Los Angeles, protecting an early two-goal lead, sat back and absorbed New York’s pressure, while New York wound up posting a >50% ball possession stat for the first time in this postseason.
Neither team looked particularly comfortable with this switch. In the end, it was Los Angeles — the home team and the clear favorite before a ball was kicked — that made fewer mistakes on the night, and that was enough to clinch its record-setting sixth MLS Cup.
The Los Angeles Galaxy is an MLS original — one of the oldest franchise in the league and easily the most successful.
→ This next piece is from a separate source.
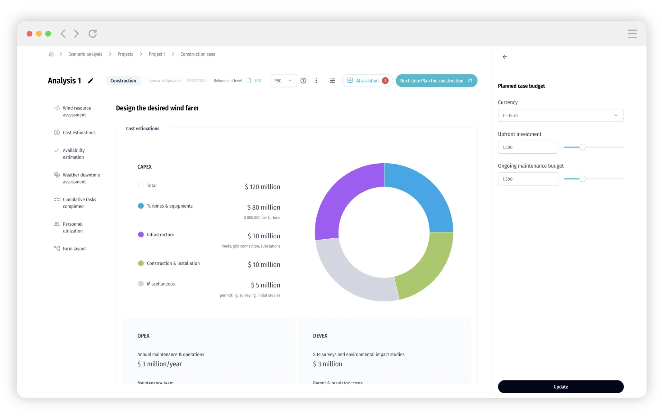 AI-driven SaaS platform for planning, simulating, and optimizing every stage of onshore & offshore wind farm lifecycle.

The origins of the Galaxy namesake are hazy; some believe the name came from Hollywood’s Walk of Fame, while others believe it honored the observatories of the team’s early Pasadena home.
But whatever the intentions were, they didn’t last. The team began signing big-name athletes and called itself the Galaxy for its constellation of soccer stars. Cobi Jones. Landon Donovan. David Beckham. Zlatan Ibrahimovic. Long before Lionel Messi, long before the Fab Four, long before Inter Miami was even a proposal binder sitting on league commissioner Don Garber’s desk, the Galaxy was MLS’s undisputed celebrity team.
This modern Galaxy, though, is something different. It muddled through a full decade outside of the MLS spotlight, losing its luster — and its local dominance — to upstart rival Los Angeles FC. The Galaxy finished the 2023 season in 26th place among 29 MLS teams, plagued by fan protests and staged walkouts over the abysmal state of its front office.
In a heartwarming win for that fan-led action, the Galaxy responded to 2023 by making big changes. It dropped its controversial president Chris Klein, brought in new scouts and got to work. The Galaxy took a chance on raw talent over established stardom, and that chance paid off handsomely. Led by Spain’s Riqui Puig, Brazil’s Gabriel Pec, Ghana’s Joseph Paintsil and Serbia’s Dejan Joveljic, the team became appointment viewing for MLS fans at every stage of the season. There was no Cobi Jones, no Landon Donovan, no David Beckham, no Zlatan Ibrahimovic. For once, the Galaxy didn’t need that crutch.
It was thrilling to watch the Galaxy hire big-name stars in its heyday. But it’s far more thrilling to watch this modern Galaxy make big-name stars of its own. It earned the 2024 MLS Cup fair and square and finishes the season as the league’s deserved champion.
MLS will return to action with a brand-new season in February 2025.